The participants then discussed the possible development of inexpensive cytometers (both flow and image) taking advantage of recent advances in relevant technology. The possibility of producing a system without a microscope objective to measure fluorescence (e.g., using fiber-optics or microfabricated optics) was discussed and ruled out due to the high background obtained when fluorescence is not collected with focussing (using fiber optics without an objective lens, light is collected from a region on the order of 1,000 times larger than with a typical objective lens). The possibility of focusing engineering effort on improving cell preparation methods (e.g., using robots) rather than reducing cytometer cost was discussed.
Systems currently under development were then discussed. Both the Guava system being developed by Guava Technologies and the CellTracks system being developed by Immunocon were considered to have good potential. The microfluidic systems being developed in Dr. Steven Quake's group at the California Institute of Technology are likely to reduced cost and complexity of flow cytometers in general, but current versions use rectangular fluid channels of 1-30 mm that would clog when using whole blood. Whether microsystems using fluid channels with dimensions of 100 mm or more can be made is uncertain.
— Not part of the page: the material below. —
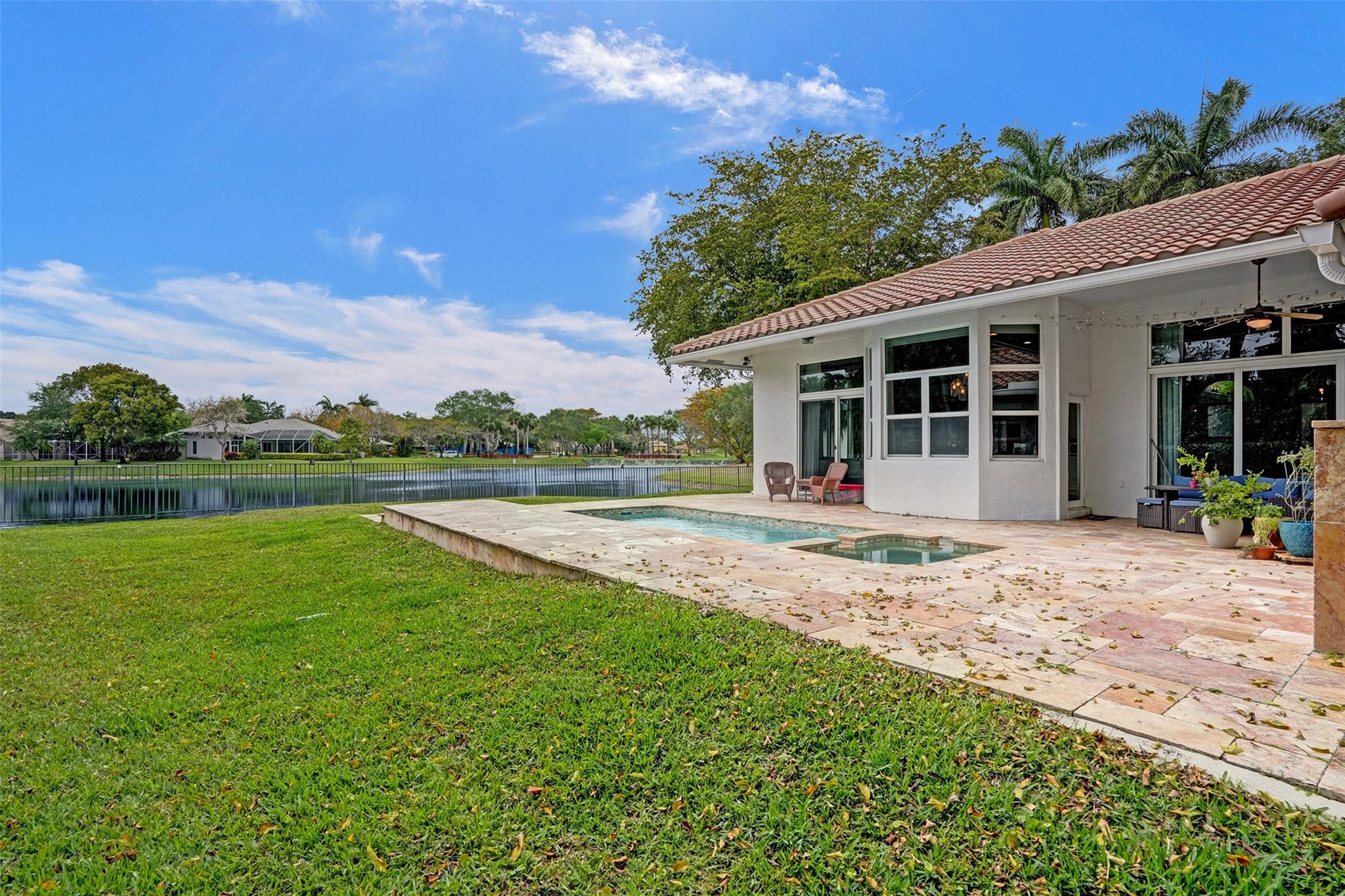 Tucked away at the end of a quiet cul-de-sac, this Meadow Run charmer sits alongside a peaceful lake. New roof in 2015. Kids can walk to all three of Parkland's highly rated schools. Updated pool area is perfect for entertaining and year-round fun. Oversized lot (.32 acre) sits at the end of an inviting tree-lined street. Interior is light and brite, and well-appointed: impact windows, updated kitchen and baths, wood floors, salt pool heated spa, - a must see. Meadow Run is a well-run premier subdivision in the heart of Parkland - recently finished improvements with enhanced security/cameras, street coating, common area landscaping/monument signs, and added 2 pickleball courts and basketball.

The discussion then shifted to current commercial systems that might be suitable. The systems discussed included the FACScount manufactured by Becton Dickinson Immunocytometry Systems (retail cost, $35,000), the CyFlow manufactured by Partec (retail cost of appropriately configured instrument, $25,000), and the ZBI Coulter Counter manufactured by Beckman Coulter (retail cost, $10,000). All are intended to be simple to use and can be run from a 12 volt battery. The first two are flow cytometers that use fluorescent-conjugated antibodies to identify cell types and fluorescent beads to provide conversion to cell concentrations. The latter counts known volumes and particular cell types can be identified by rosetting via specific antibodies. In all cases, there was concern that reagent costs would be high, especially for the fluorescence-based systems. The consensus of the group was that obtaining foundation or government support for purchasing existing instruments and reagents (at cost) may be more economical in the long run than the cost of efforts to design, manufacture and support a cytometer explicitly to meet the Third World need. Nonetheless there was considerable enthusiasm that an inexpensive system could be designed and built with collaboration between cytometry experts inside and outside of industry, and there was a good deal of willingness among the participants to assist in such efforts.